WHAT THE TASK REQUIRES -
Repeat precisely the span of lines below that opens with the line containing "张思允NICE白上衣配蓝短裙半脱露蕾丝内衣超薄肉丝诱惑[22P]" and closes with the line containing "今週末から始まる地区中学校総", both included.

LISTED ENTRIES -

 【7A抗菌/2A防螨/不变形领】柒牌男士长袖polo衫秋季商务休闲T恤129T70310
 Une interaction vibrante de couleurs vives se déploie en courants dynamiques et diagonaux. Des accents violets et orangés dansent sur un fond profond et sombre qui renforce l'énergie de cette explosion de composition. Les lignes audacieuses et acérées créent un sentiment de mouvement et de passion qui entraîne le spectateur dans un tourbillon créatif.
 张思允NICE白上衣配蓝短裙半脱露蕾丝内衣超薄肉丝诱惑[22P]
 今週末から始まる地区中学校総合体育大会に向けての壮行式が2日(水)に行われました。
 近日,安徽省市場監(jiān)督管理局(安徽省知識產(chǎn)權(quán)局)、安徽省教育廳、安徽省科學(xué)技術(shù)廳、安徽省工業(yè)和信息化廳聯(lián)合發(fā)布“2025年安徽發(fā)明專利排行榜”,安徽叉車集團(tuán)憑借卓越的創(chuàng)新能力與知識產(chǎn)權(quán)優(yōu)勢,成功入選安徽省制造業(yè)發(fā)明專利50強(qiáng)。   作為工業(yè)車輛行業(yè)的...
==
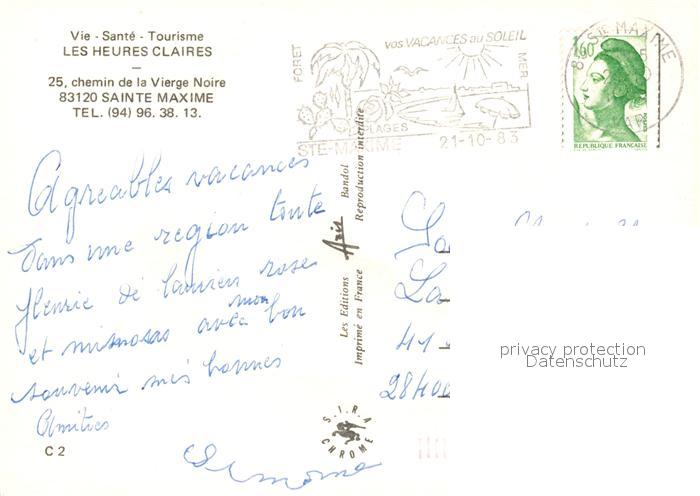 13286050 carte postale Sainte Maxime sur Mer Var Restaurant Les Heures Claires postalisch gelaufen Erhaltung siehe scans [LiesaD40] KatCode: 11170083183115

RESULT OF THE EXERCISE -
 张思允NICE白上衣配蓝短裙半脱露蕾丝内衣超薄肉丝诱惑[22P]
 今週末から始まる地区中学校総合体育大会に向けての壮行式が2日(水)に行われました。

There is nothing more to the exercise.